In my old mk4 GTI w/ monsoon I put an aftermarket head unit in, aftermarket 4 channel amp where the old monsoon was, and new component speakers to replace the stock monsoon speakers.

I reused the factory wiring for the speaker wiring coming from the monsoon amp location.

I ran new RCA's from the new headunit to the amp.

The amp was a class D amp made by Alpine...so I reused the monsoon's power wires instead of dragging high awg wire from the battery. In retrospect I should throw a 1F capacitor next to the amp this time.

I put the component speaker crossover networks next to the amp.


...as to your question.

One connector has most of its wires going to the headunit location

One connector has most of its wires going to the speakers


----------



## NFrazier (Jul 22, 2006)

Even if a class D, I highly do NOT recommend using the factory monsoon power wiring.
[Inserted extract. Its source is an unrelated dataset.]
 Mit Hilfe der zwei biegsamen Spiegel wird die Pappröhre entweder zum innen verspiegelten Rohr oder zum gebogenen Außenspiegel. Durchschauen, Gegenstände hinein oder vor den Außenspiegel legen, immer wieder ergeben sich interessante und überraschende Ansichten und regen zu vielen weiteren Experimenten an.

All you need to run is an 8 awg power wire, it's so easy in these cars it's not even funny.

I ran 2 awg in my car, right down the middle w no issue, so 8 awg, which is significantly smaller is so easy.

Anyways, Run new 16 awg wiring to the new speakers, rcas and remote from the headunit back to the amp, power and ground. The door boots are extremely easy to get through.
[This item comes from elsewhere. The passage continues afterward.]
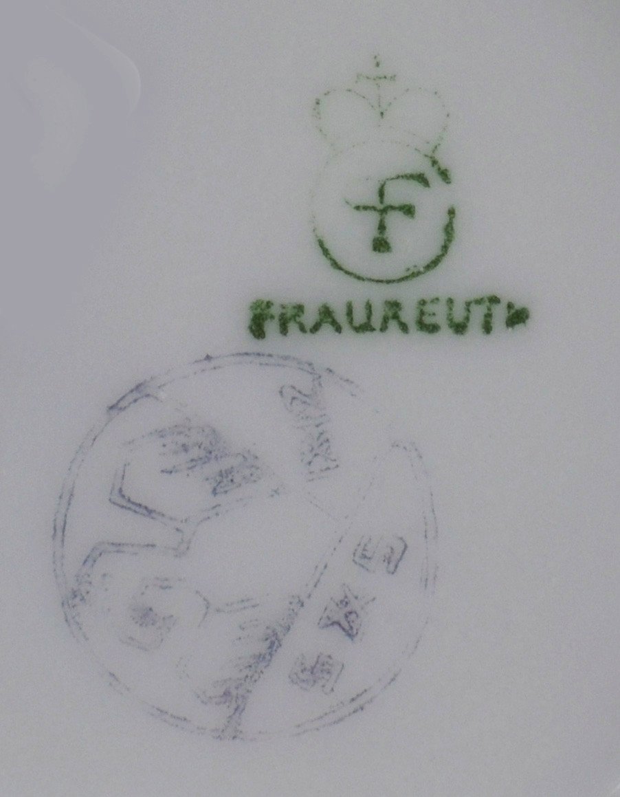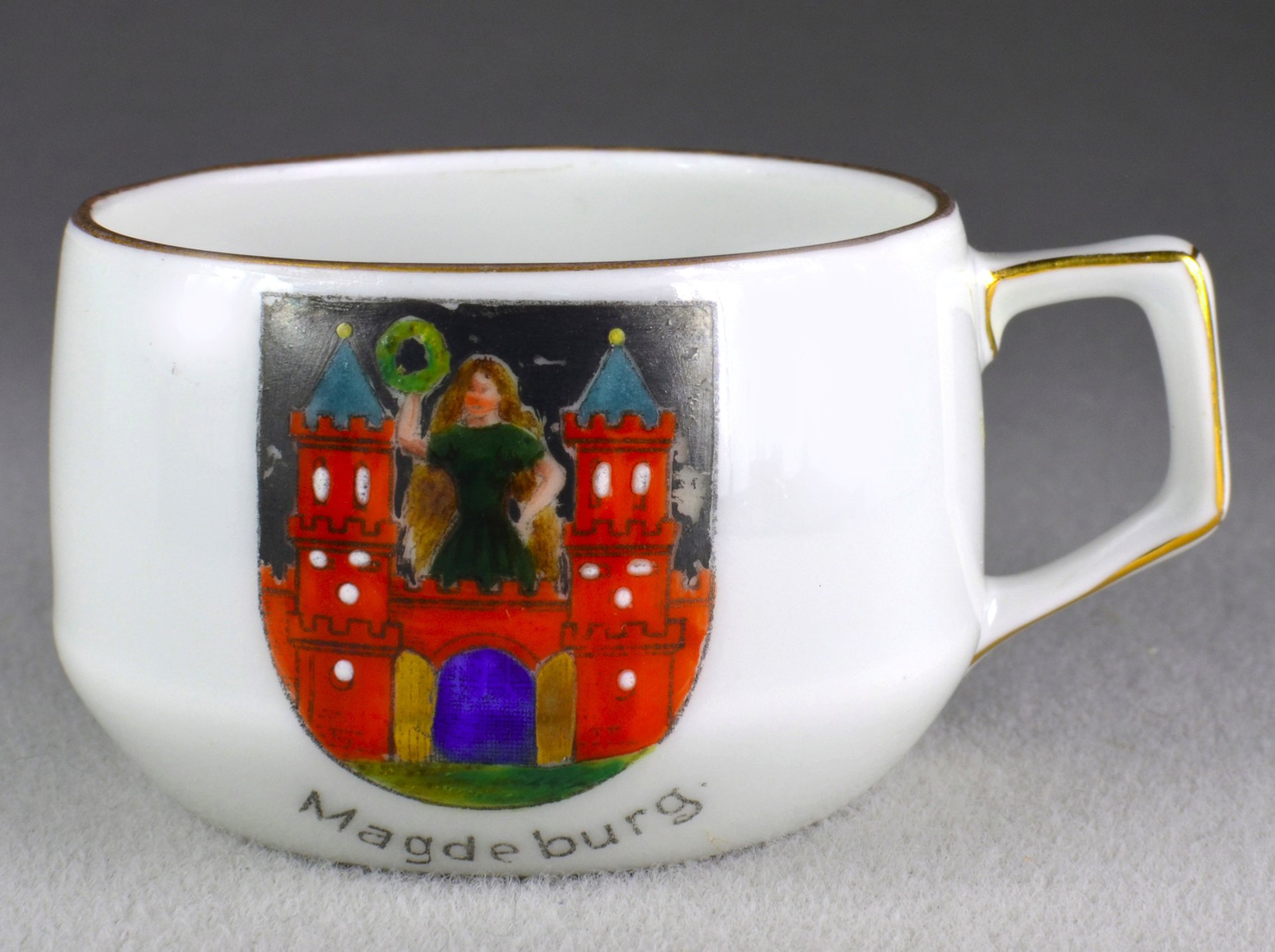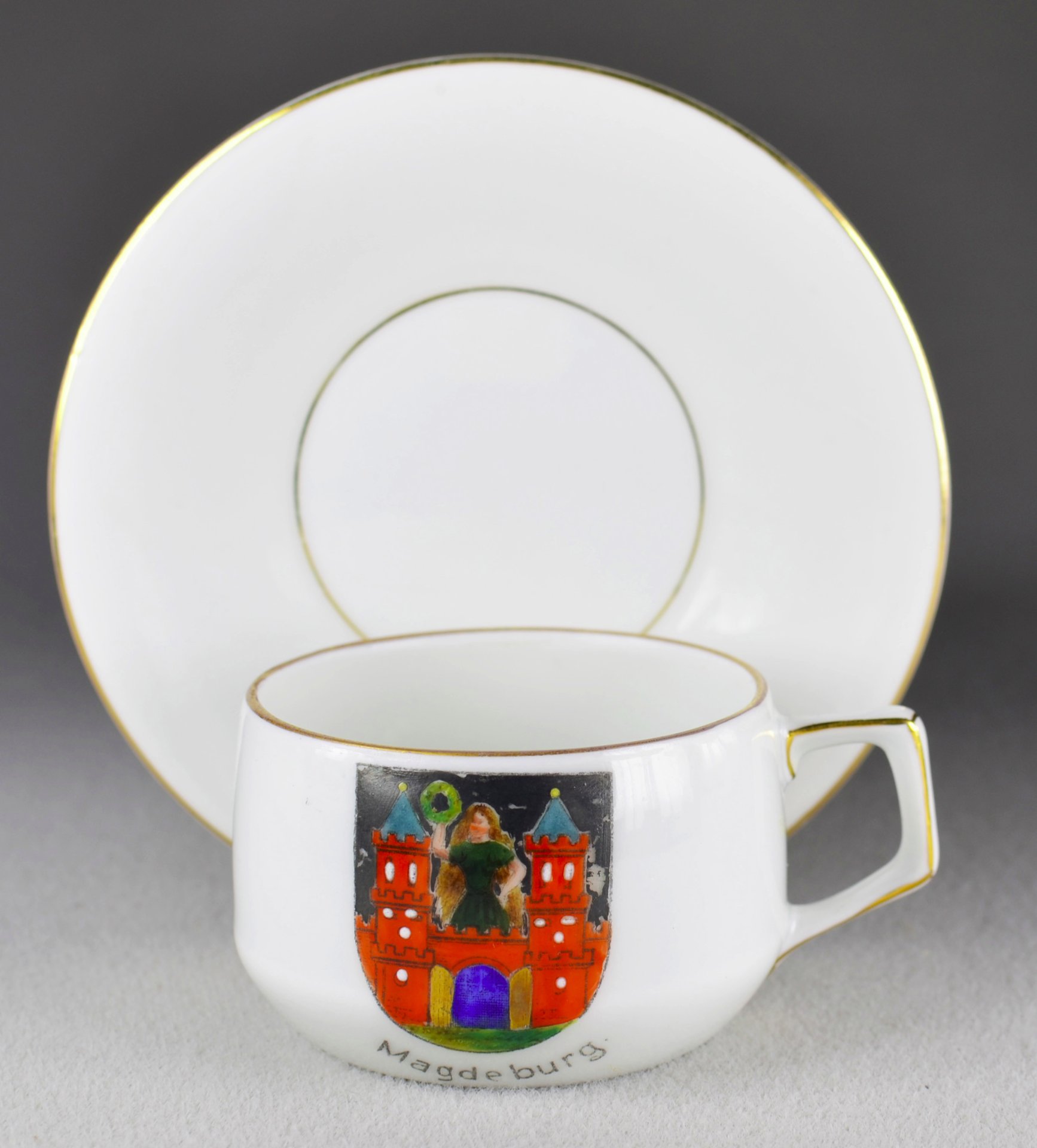 Tasse mit Ansicht des von Hand gemalten Stadtwappens von Magdeburg. Am Boden die unter Glasur grüne Porzellanmarke und zusätzlich auf Glasur in Silber Maler- oder Händlermarke. H.: 3,9 cm; D.: 6,4 cm. Dazu Untertasse, ungemarkt H.: 1,5 cm; 11,0 cm

One of the plugs is the input, one is the output. Remove the monsoon, leave the factory wiring there (in case you ever want to reutrn to stock), install the new amp w new wiring, good to go.


----------



## napak3 (Mar 14, 2004)

Thank you for all the replies. :thumbup:


----------



## napak3 (Mar 14, 2004)

I have several external units such as external Bluetooth, external Navigation, and HD Radio modules that will be in the passenger foot well. Ive seen people mount these units (to organize everything) on a piece of plastic. Is it really PLASTIC that they mount these units on or is it some other type of material?


----------



## napak3 (Mar 14, 2004)

Another stupid question:

I'm planning on running new speaker wire. I've been told to run the speaker wire and power wire from the battery on different sides of the car But, if I'm going to run speaker wire from speakers on left side of car and speakers on right side of car to the amp in the back, I would still have to have to run the power wire either on the left or right side of car, which would run parallel with either the speaker wire from either the left side or right side?

Clearly, I am a bit confused. Any help?


----------



## NFrazier (Jul 22, 2006)

napak3 said:


> Another stupid question:
> 
> I'm planning on running new speaker wire. I've been told to run the speaker wire and power wire from the battery on different sides of the car But, if I'm going to run speaker wire from speakers on left side of car and speakers on right side of car to the amp in the back, I would still have to have to run the power wire either on the left or right side of car, which would run parallel with either the speaker wire from either the left side or right side?
> 
> Clearly, I am a bit confused. Any help?


Easy solution, run the power down the middle, especially the size wire you need it'll be really easy.


----------